Genomic medicine—using an individual’s genetic information to guide clinical decisions—is shaping care across all areas of health, especially for rare and undiagnosed conditions. Translational medicine strengthens this approach by bringing discoveries from the laboratory into practical diagnostics and treatment. Through close, collaborative work across specialties, scientific progress becomes meaningful, real-world care. Today, the Center manages more than 157 known inherited conditions, to include neurodevelopmental, cardiovascular, ocular, immunologic, and hearing disorders, and we continually learn as diagnostic and treatment options evolve.

Newborn Screening & Genetic Testing

Newborn screening is a statewide program to identify babies with serious disorders that could lead to illness or long-term effects. We support the program by helping ensure all newborns receive timely screening, diagnosis, and treatment. Our team reduces barriers such as communication challenges, distance to specialty care, and cost. In many cases, we make rapid, direct contact with families following a positive screen. With 24/7 call coverage, we support families through confirmatory testing and after a diagnosis is made.

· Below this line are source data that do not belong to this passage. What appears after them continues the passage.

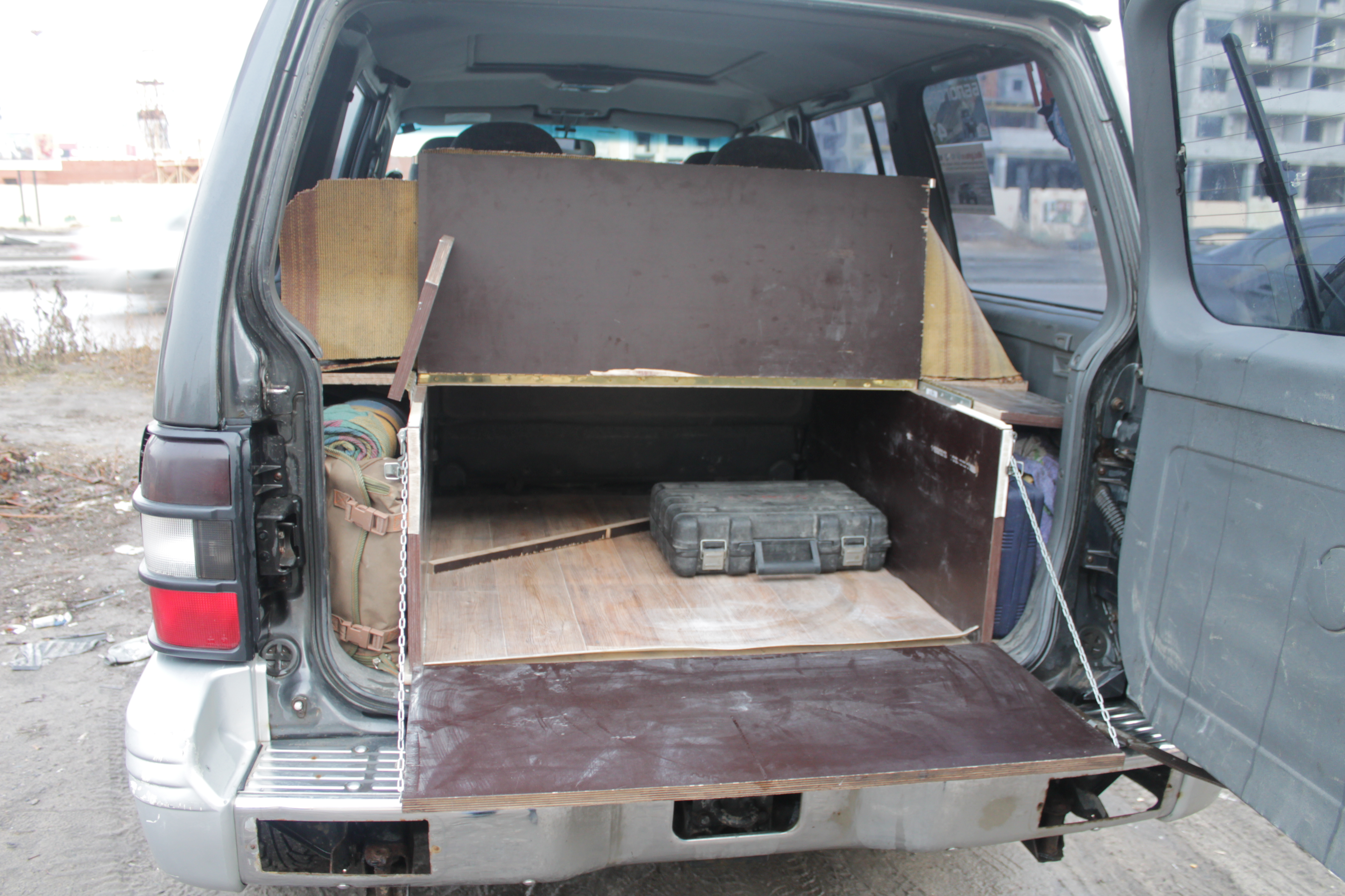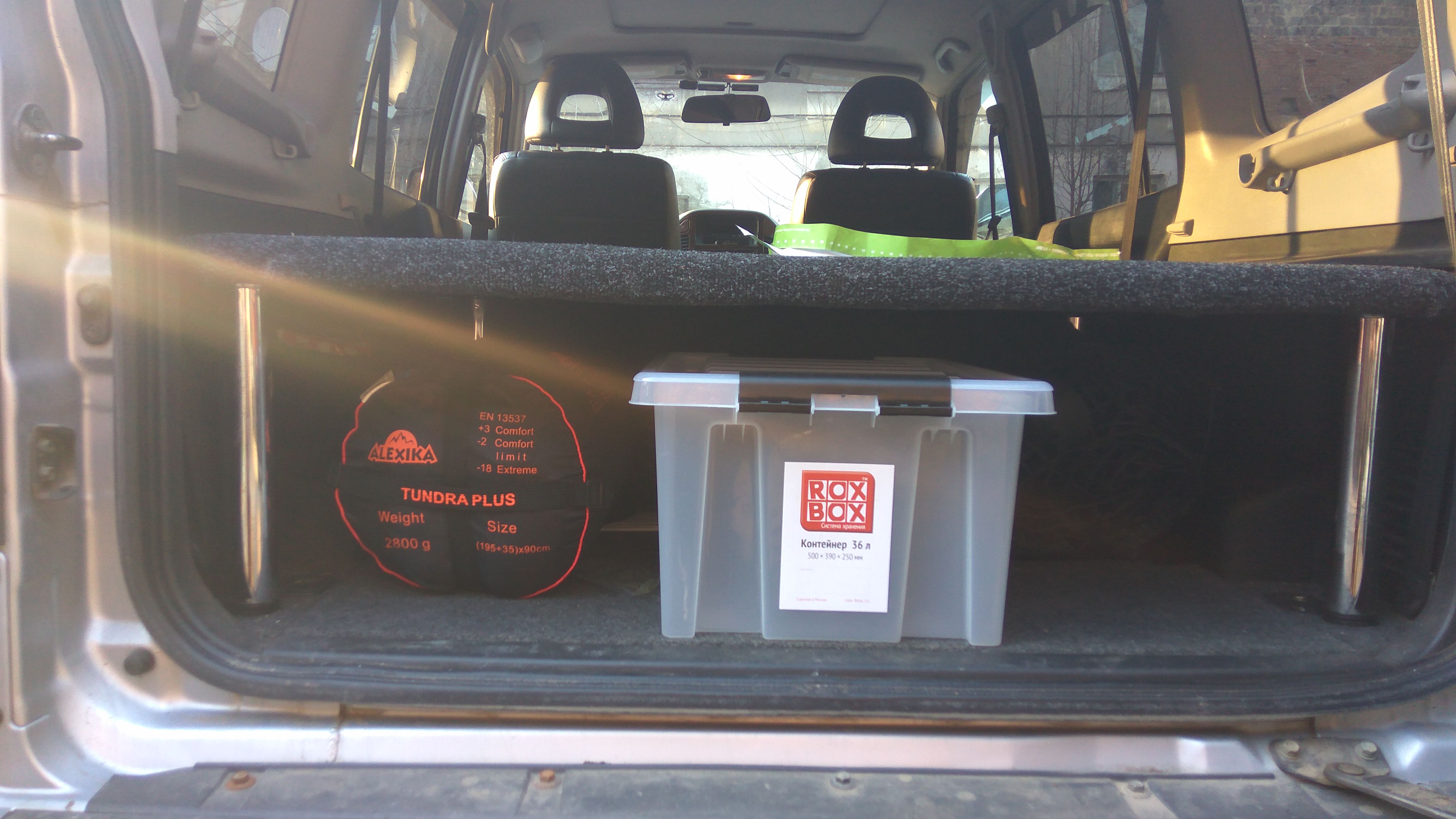 На фото видны две площадки для крепления ножек для дополнительного крепления раскладывающиейся полки. Ноги на резьбе. Задняя часть второй половины спальника одной стороны ложится на сложенную спинку заднего сиденья. Другая половина стоит на ножках. Ножки на резьбе вкручиваются.Sasha1970 писал(а):Бочка с кухонной утварью, газовый баллон, большой рюкзак и т.д. боюсь не войдут стоя. На задних сидениях спинки просто положены вперед на сидушки, правильно? Будь добр. Сделай фото мебельных опор и вид с задних боковых дверей в разных положениях полки.kotei писал(а):Начну с грустного.Sasha1970 писал(а):Класс. Кинь в кличке подробности и чертежики. Я когда на рыбалку в Астрахань или на Кольский езду, машина битком, даже задние сидения снимаю. Только два в впереди. Боюсь, что с полькой все не поместиться. А полка с'емная или намертво прикручена? На ближнюю рыбалку в самый раз было бы.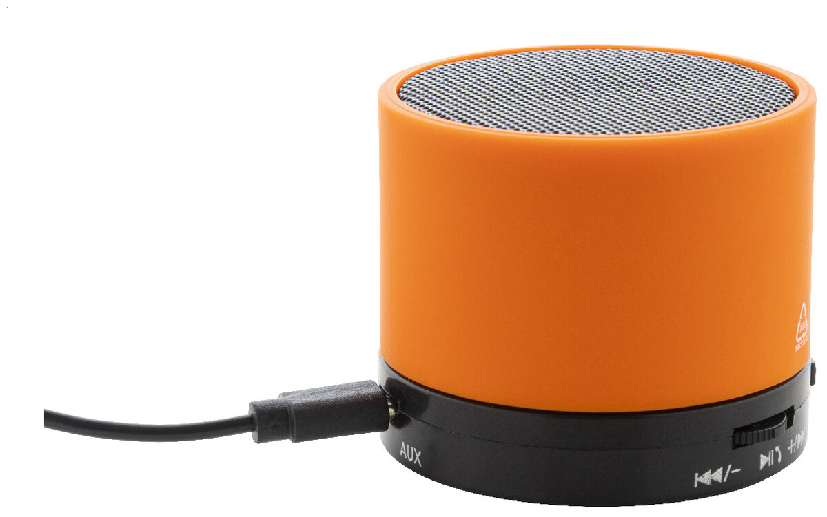 Bezdrátový reproduktor z recyklovaného ABS v pogumovaném pouzdře s kovovou síťovinou a dobíjecí baterií (300 mAh). S funkcí handsfree hovorů a přehrávání MP3 z micro SD karty. Včetně nabíjecího kabelu USB.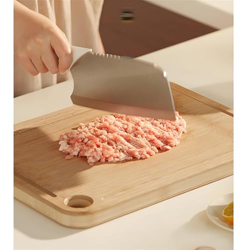 - لوح تقطيع من الخيزران المحبب عالي الجودة، مضاد للميكروبات بشكل طبيعي ولطيف على السكاكين، يوفر متانة تدوم طويلاً بينما يعطي حبيبته الطبيعية الأنيقة مظهرًا أنيقًا يعزز ديكور أي مطبخ.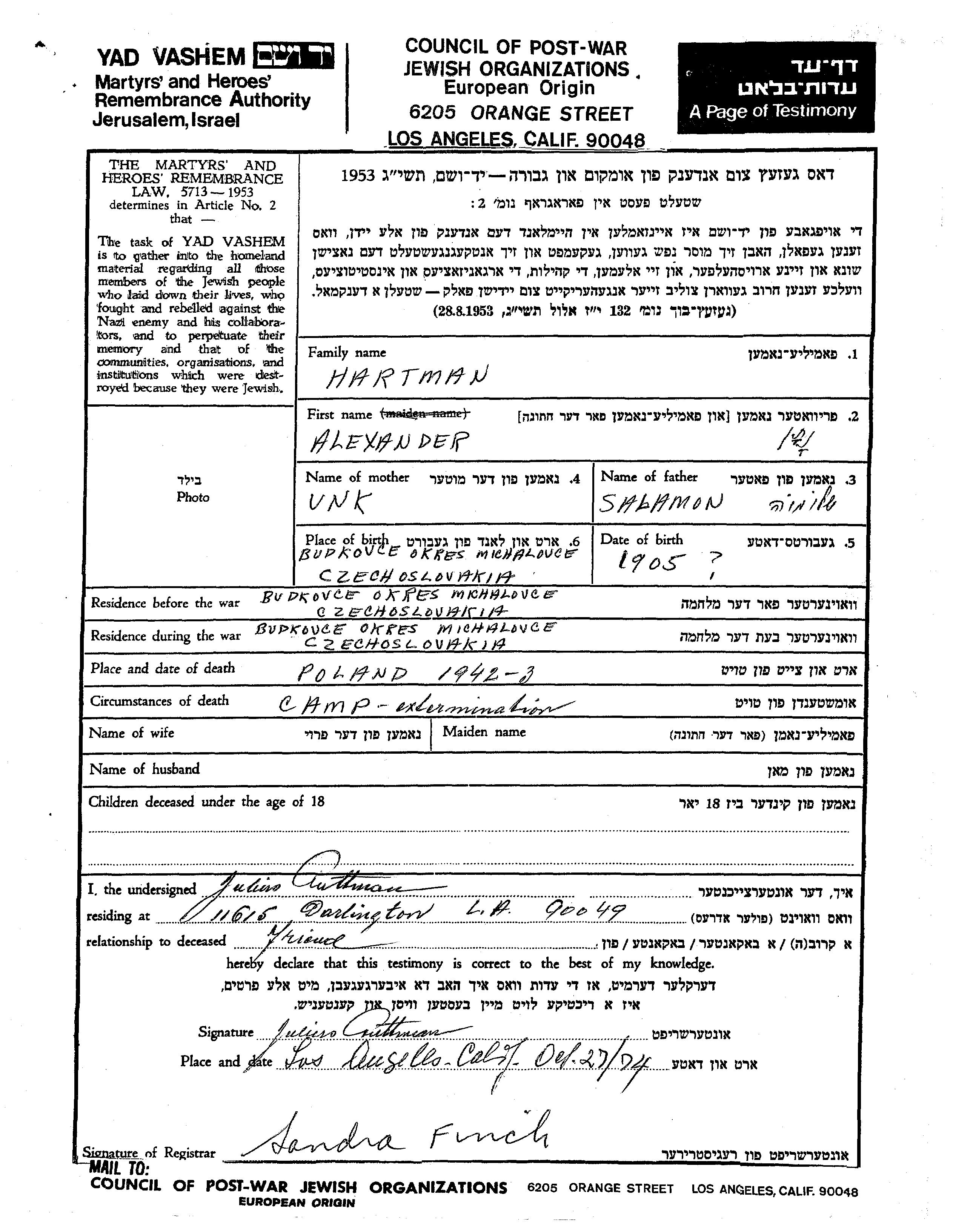 Hartman Alexander Natan 1905 Michalovce, Tchécoslovaquie Feuille de témoignage
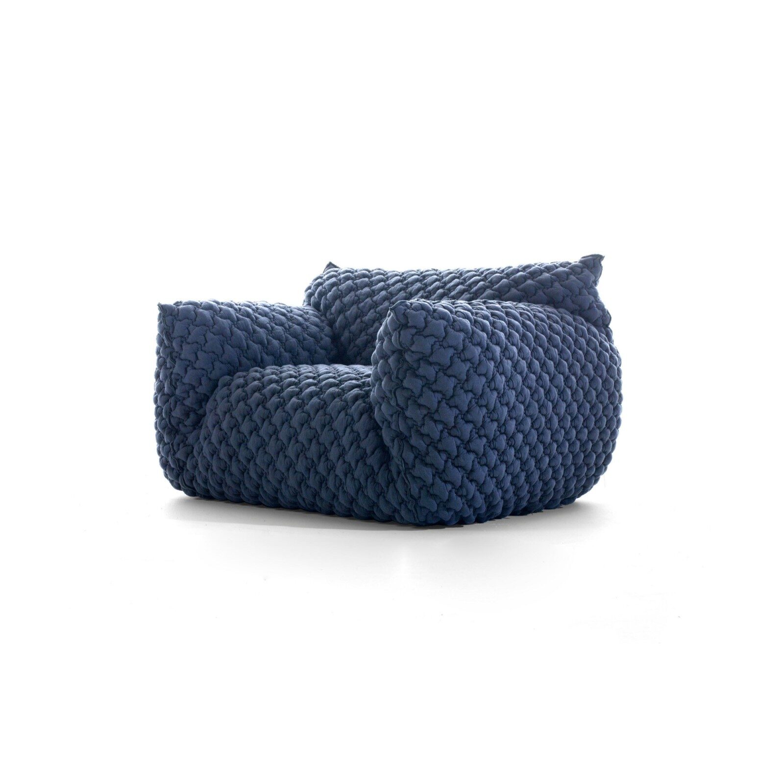 A family of armchairs with soft and attractive shapes, Nuvola’s aesthetic invites you to dive into it: the high armrests welcome a seat as deep as a hug, creating a real cocoon effect. Available in two sizes, they are padded with multi-density polyurethane foam covered with quilt padded with goose down and polyester fibre staples. The cover is removable with visible seams that draw the profile of the product and can be made with all the covers available in the catalogue in the name of maximum versatility.
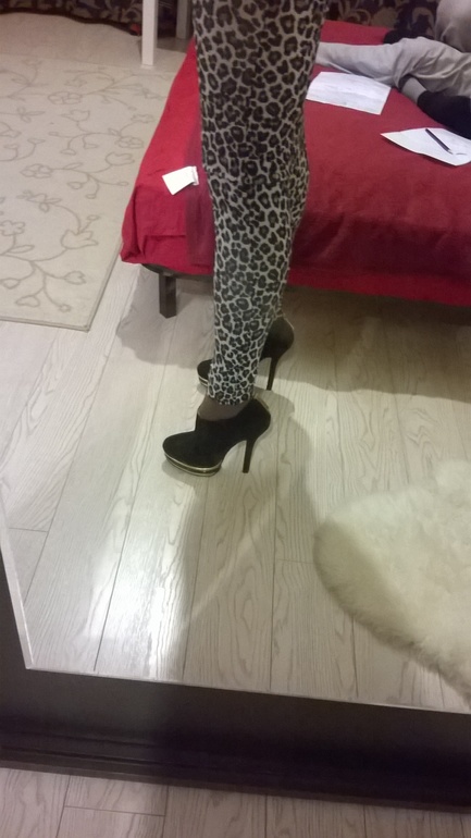 А может не надо их одевать? Туфельки клевые, ноги красивые. Но леаперд(((( совсем не красит их.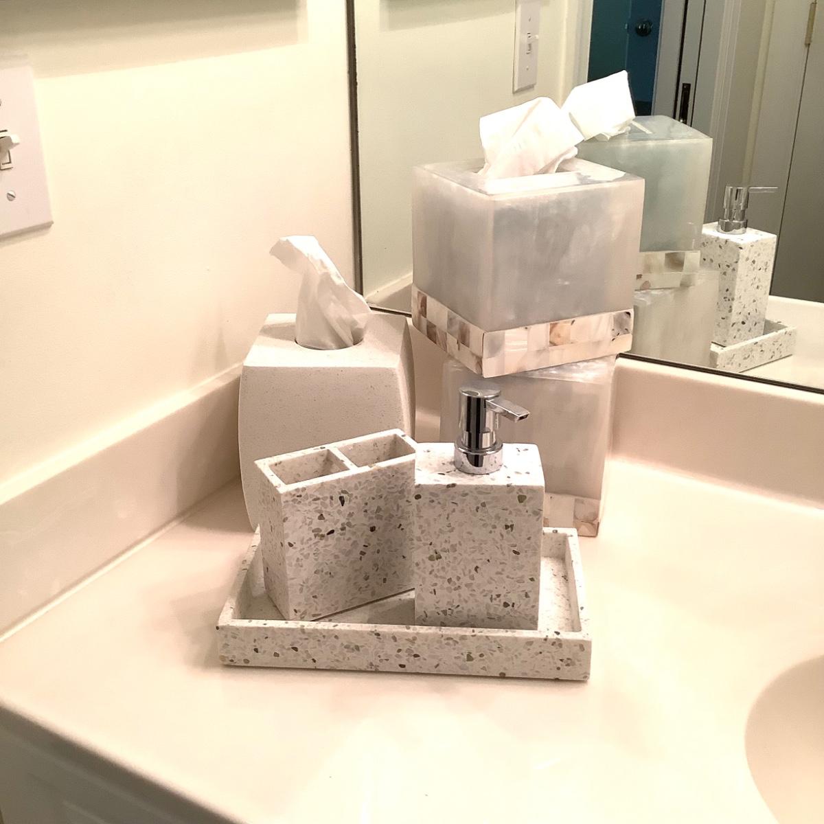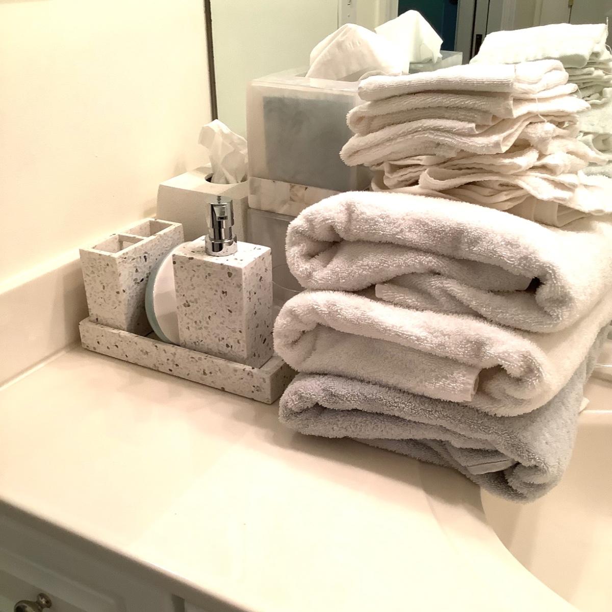 Assorted white and grey towels (bath, wash cloth) assorted soap dispensers, tissue holders, soap dish and more.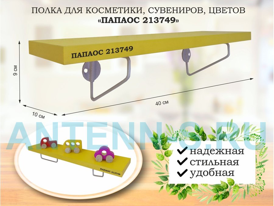 В корзину Купить в 1 клик Полка для косметики, сувениров, цветов, 40х10 см, высота 9 см, серый "ПАПАОС 213749" желтый
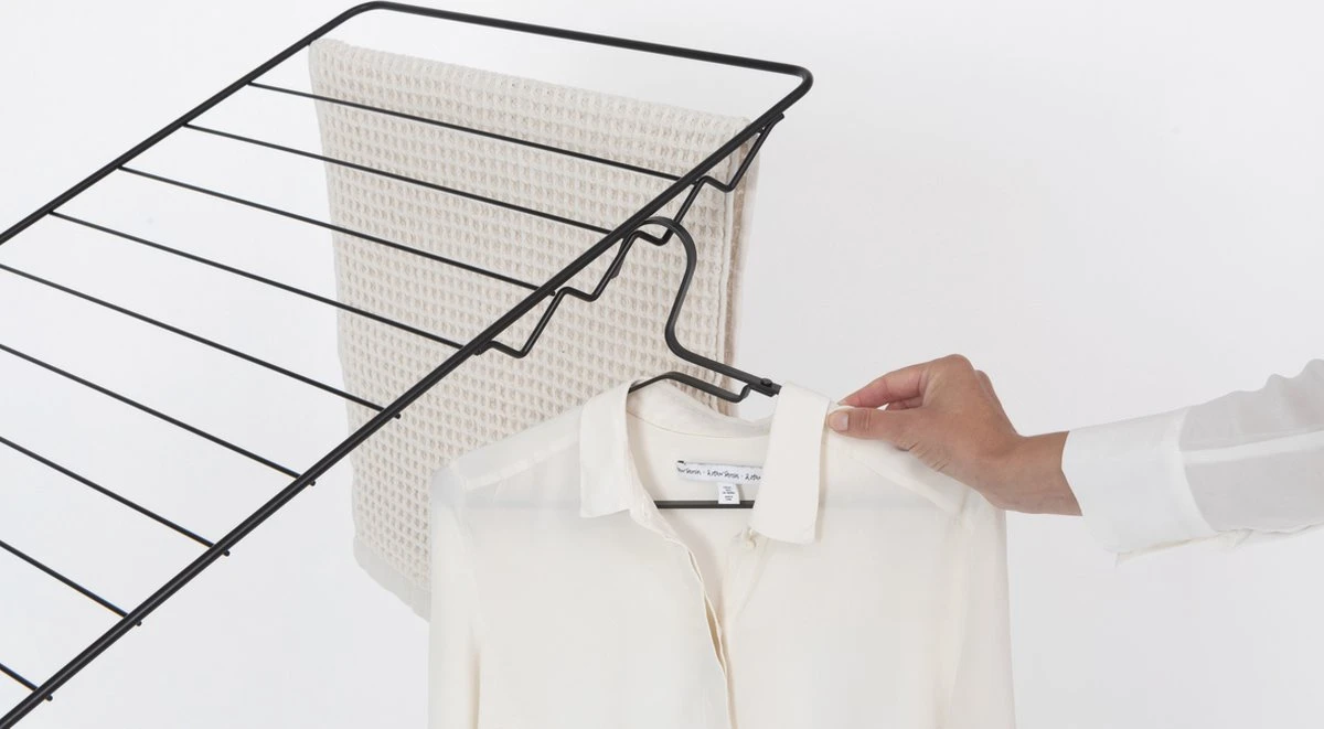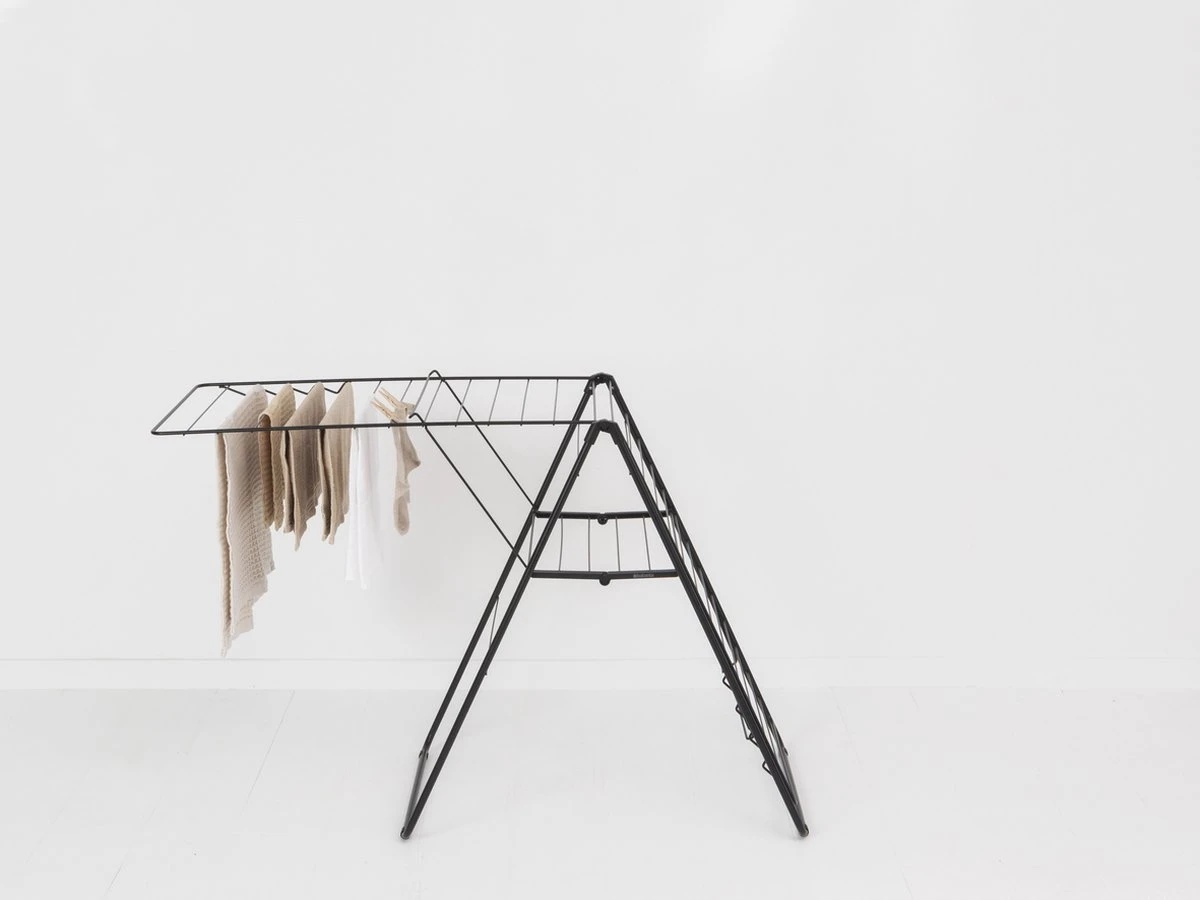Bespaar energiekosten, vergeet je droger en hang je kleding op een droogrek uit de Brabantia HangOn serie. Stabiel, gemakkelijk in gebruik en verkrijgbaar in verschillende formaten in de kleuren Matt Black, White of Metallic Grey.

We strive to help families find answers, feel heard, and understand potential genetic causes for their child’s differences. We clearly present all available testing options and support families in making choices that reflect their values. Through collaborations with the Wisconsin State Lab of Hygiene, nationwide laboratories, private laboratories and research scientists, we can offer low-cost targeted genetic testing (testing for one gene), microarray (testing for a subset of expressed genes) or whole exome/genome sequencing (testing all of the expressed genes) to try to identify the cause of conditions.

Key Areas of Support

These highlights show the essential ways our program partners with families, community organizations, and clinical resources to improve care.

Funding Support

Much of the Center’s ability to offer affordable services comes from community generosity. Patient fees cover less than one-third of annual operating costs, benefit auctions, private donations, and grants through the Vernon Health Foundation help ensure care is accessible for those who qualify.

Educational Outreach

Our team provides and facilitates educational opportunities for families and community partners. Family Day events, held multiple times throughout the year, bring families together to learn from experts and strengthen relationships among families and healthcare providers. We host Community Birth Attendant meetings three times per year, including a two-day conference every three years. These gatherings bring together public health nurses, medical professionals, licensed and certified midwives, and community birth attendants to share knowledge, build relationships, and improve outcomes for mothers and babies. The meetings emphasize the value in collaboration among different providers.

Community Partnerships

Our ability to offer exceptional care depends on strong community partnerships. Collaborations with specialty providers allow us to expand the services we offer, while local medical partners help identify gaps in care and support families more effectively. By sharing our expertise, we help ensure that families can receive the care they need close to home.

The Center is also a member of the Plain Community Health Consortium (PCHC), an association of organizations dedicated to supporting Plain communities facing rare genetic disorders across North America. Together, we improve the health of underserved communities through collaborative programs, research, education and resource utilization.

Research

Medical research plays an essential role in answering challenging questions about how to best care for individuals with rare conditions. We collaborate with researchers at multiple universities and experts from clinics with similar missions to improve health outcomes locally and globally. We participate only in research that directly benefits the families we serve and only after careful evaluation.

FAQ

Have questions about care at the Center for Special Children? Our team is here to help. For more information or to speak with someone about your care, please call (608) 625-4039.

What is the Center for Special Children?

We provide diagnosis, treatment, and support for families with rare genetic conditions and complex medical needs. Our work includes respecting cultural diversity, increasing awareness of genetic conditions, collaborating to advance research, supporting all caregivers, and advocating for accessible healthcare.

Who can receive care?

Children with known or suspected inherited genetic or metabolic conditions may be referred by their primary care provider, midwife, newborn screening program, or specialists. Our team works with families to determine the right next steps for evaluation and care.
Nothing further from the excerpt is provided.